Print, word for word, the line containing "1. Robert Kaufman" and all lines beneath it to the end of the entries below. Pictures do not belong in the copy.

-------

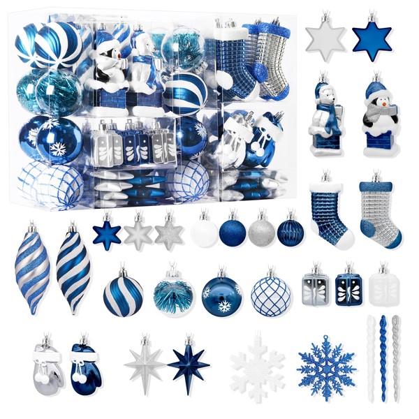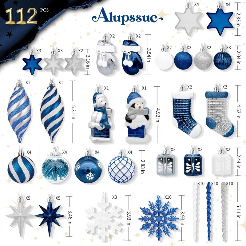 Alupssuc 112pcs Christmas Balls Ornaments Set, Shatterproof Plastic Baubles Christmas Penguin, Polar Bear for Xmas Tree Holiday Wedding Party Decorations with Hanging Strings, Bule and White
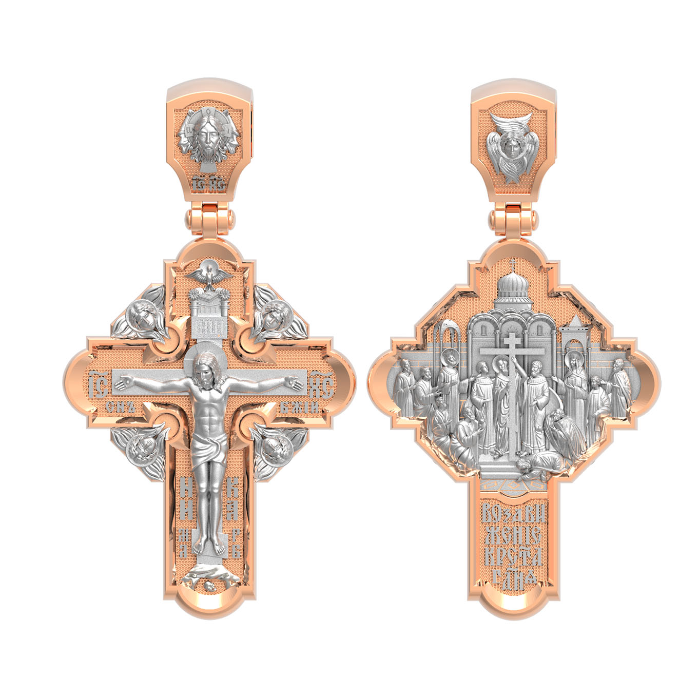 На оборотной стороне креста изображена икона Воздвижение Честного и Животворящего Креста Господня. Равноапостольный царь Константин пожелал построить храмы Божии на священных для христиан местах в Палестине и найти Крест, на котором был распят Спаситель. Исполнить желание царя взялась, с великою радостью, его мать, св. равноапостольная царица Елена. Крест был обретен в 326 году около горы Голгофы в Иерусалиме. C VII века с этим днём стали соединять память о возвращении Животворящего Креста из Персии византийским императором Ираклием (629). Праздник называется Воздвижением Креста, потому что и при обретении, и при возвращении Креста патриарх Макарий поднимал (Воздвигал) крест три раза, чтобы все могли его видеть. Народ же, видя Крест Спасителя, кланялся и восклицал: «Господи, помилуй!». Св. равноапостольные цари Константин и Елена, над местом страданий, погребения и воскресения Иисуса Христа построили обширный и великолепный храм в честь Воскресения Христова. На кулонном кольце изображен шестикрылый Ангел — Серафим.
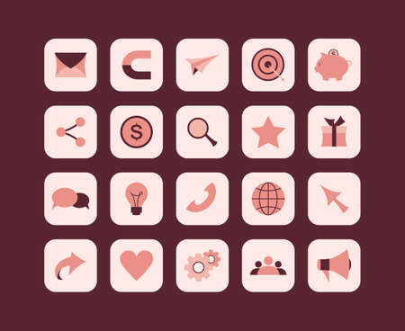 Set of digital marketing icons in modern style. Includes various social media icons. SEO. Email marketing and more. Ideal for use in presentations. websites. and marketing materials.
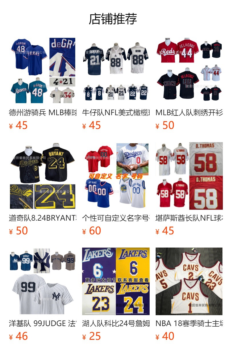 本店主营MLB、NFL、NBA、NHL各种版本的球衣,球裤,球帽,款式齐全! 价格实惠!质量保证! 支持一件代发! 支持国际代发!
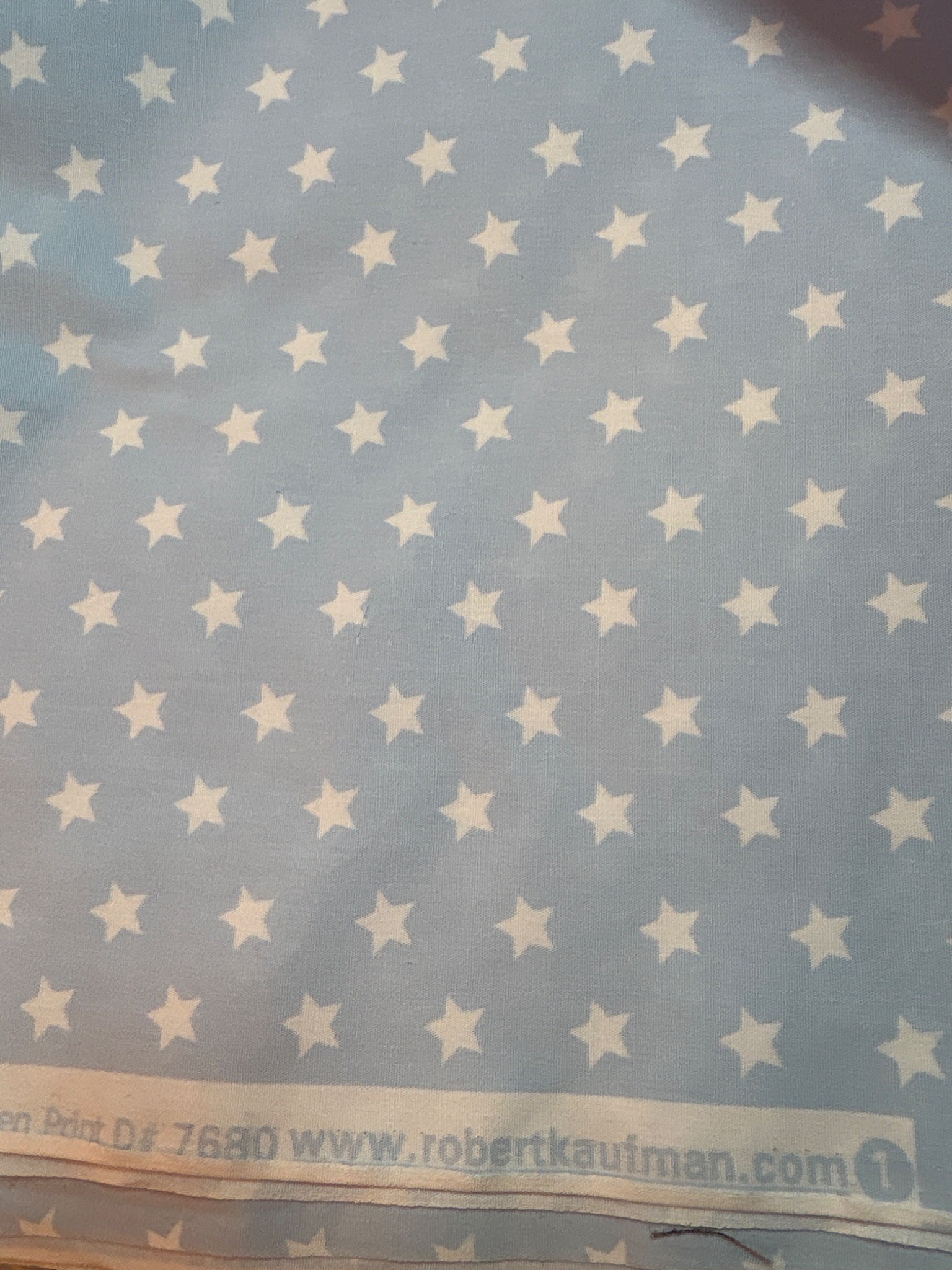 1. Robert Kaufman pastel blue with stars is 2.25 yds x 44"w
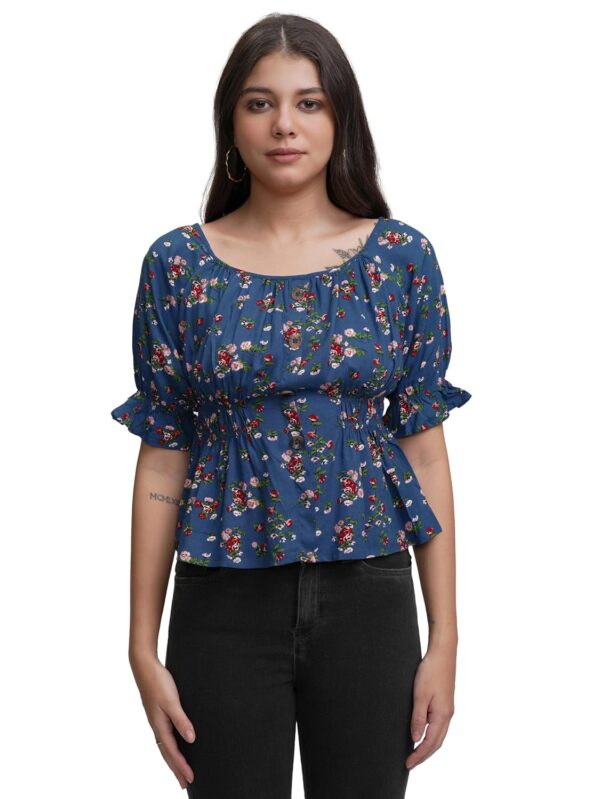 Tokyo Talkies Women's Floral Print Cinched Waist Top | Short Sleeves | Flattering & Fresh | Perfect for Casual Days & Outings | Tops for Woman | Women Tops | Stylish Top by Prixsa.com

-------

# OUTPUT OF THE TASK:
 1. Robert Kaufman pastel blue with stars is 2.25 yds x 44"w
 Tokyo Talkies Women's Floral Print Cinched Waist Top | Short Sleeves | Flattering & Fresh | Perfect for Casual Days & Outings | Tops for Woman | Women Tops | Stylish Top by Prixsa.com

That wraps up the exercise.